Location: Bayankhongor, Mongolia
The Northern Bayan-Khongor Project will take place in south-central Mongolia, concentrating on the Late Bronze to Late Iron Ages (ca. 1500 B.C. - 200 A.D.). This is a period when the Mongolian steppe became politically centralized and when the form of nomadic pastoralism associated with the country today emerged. Hence, the project aims to better understand the political and economic transitions of this time period through a comprehensive study of mortuary and habitation sites in the research area. Fieldwork will consist of pedestrian survey, excavation, and laboratory analysis. Archaeologically recovered remains will include lithics, ceramics, bioarchaeological and faunal remains, bronze and iron artifacts, and soils. Volunteers will be trained in all aspects of the project's methodology, and will have the opportunity to take part in each facet of fieldwork to gain familiarity with each phase of archaeological recovery. Participants will also gain experience recording mortuary stone monuments and archaeological sites using a Geographic Information Systems (GIS) database. A brief summary of activities is as follows:
- Pedestrian Survey
- Data recording
- In-field Laboratory Analysis
In addition to this hands-on experience, the Project Directors and staff will provide informational seminars and discussions on topics germane to archaeological research in Mongolia.

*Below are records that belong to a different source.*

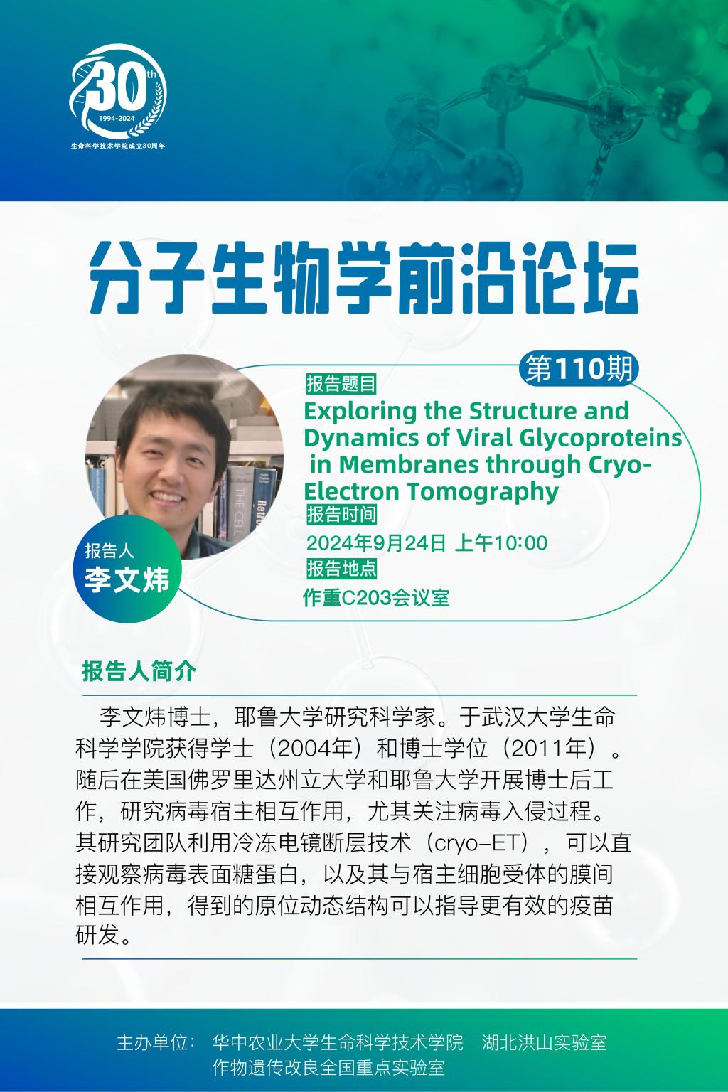活动时间 报告题目 第110期分子生物学前沿论坛
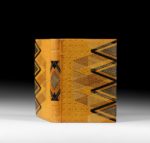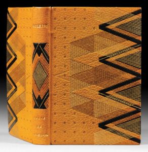 COLETTE Julie de Carneilhan. Paris, Librairie Arthème Fayard, 1941. In-12, maroquin citron; jeux de multiples filets obliques à froid et dorés, certains se croisant, fuyant du bord extérieur des plats vers le dos, avec petite bande zigzagante de maroquin noire sur le bord, semé de petits c à froid ornant la partie restante des plats, dos lisse avec rappel du décor, nom de l'auteur et titre en capitales dorées, encadrement intérieur de maroquin de même couleur orné d'un semé de petits c, doublure et gardes de moire vert sapin, tranches dorées sur témoins, couverture et dos, boîte-étui de toile bleue moderne (Pierre Legrain - J. Anthoine Legrain). Édition originale. Un des 20 exemplaires de tête sur hollande. Très belle reliure à décor symétrique parfaitement exécutée par Jacques-Anthoine Legrain d'après une maquette de Pierre Legrain
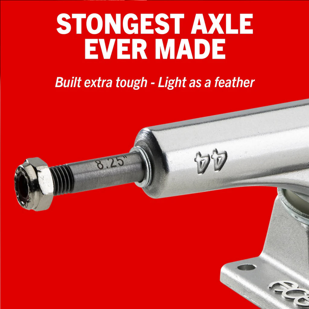 At the heart of our design is a patent pending technology providing a more stable anchor point for the kingpin. Our innovative hollowed axle system and domed-out baseplate make it the strongest and lightest truck we've ever created.Â
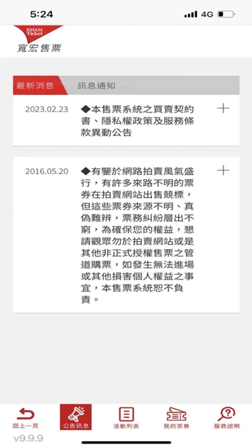 「寬宏售票APP」為寬宏售票系統全新推出的手機購票服務,不論您身在何處,隨時隨地都可以輕鬆購買寬宏售票代售的活動門票,選擇票券郵寄到府或便利商店取票,只要透過專屬APP,就能輕鬆快速直接以手機完成購票,更能及時掌握最新的活動訊息!!
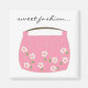 Uma bolsa floral cor-de-rosa com um punho de madeira e flores brancas com centros coloridos. Um ditado divertido para a moda consciente!

The monument types that will be encountered are diverse, and include khirigsuurs, shape-burials, and quadrangular burials that date to the Late Bronze Age (1500-700 BCE), as well as slab burials and Xiongnu ring tombs that date to the Early Iron Age (700-200 BCE) and Iron Age 200 BCE-200 CE) respectively. Excavation will primarily center on Iron Age Xiongnu monuments.
Period(s) of Occupation: Late Bronze-Iron Age (1500 B.C. - 200 A.D.)
Minimum Length of Stay for Volunteers: 3 weeks
Room and Board Arrangements
The rural nature of this project cannot be stressed enough. We will work in a relatively challenging steppe environment far from any urban centers. In short, the research area is quite remote and participants should be prepared for a range of field conditions where Murphy's Law often prevails.
Participants will be required to supply their own tent and sleeping bag. The project will have two gers (traditional felt tents) to serve as cooking and laboratory space. Food will be provided and will conform to a pastoral diet that is meat and dairy-based, supplemented by noodles, vegetables, tea and coffee. Vegetarians will be able to manage, but should speak to project coordinators how to best supplement the diet. Weather is extremely variable, from hail to sunshine, chilly to hot so clothing brought should be adequately flexible.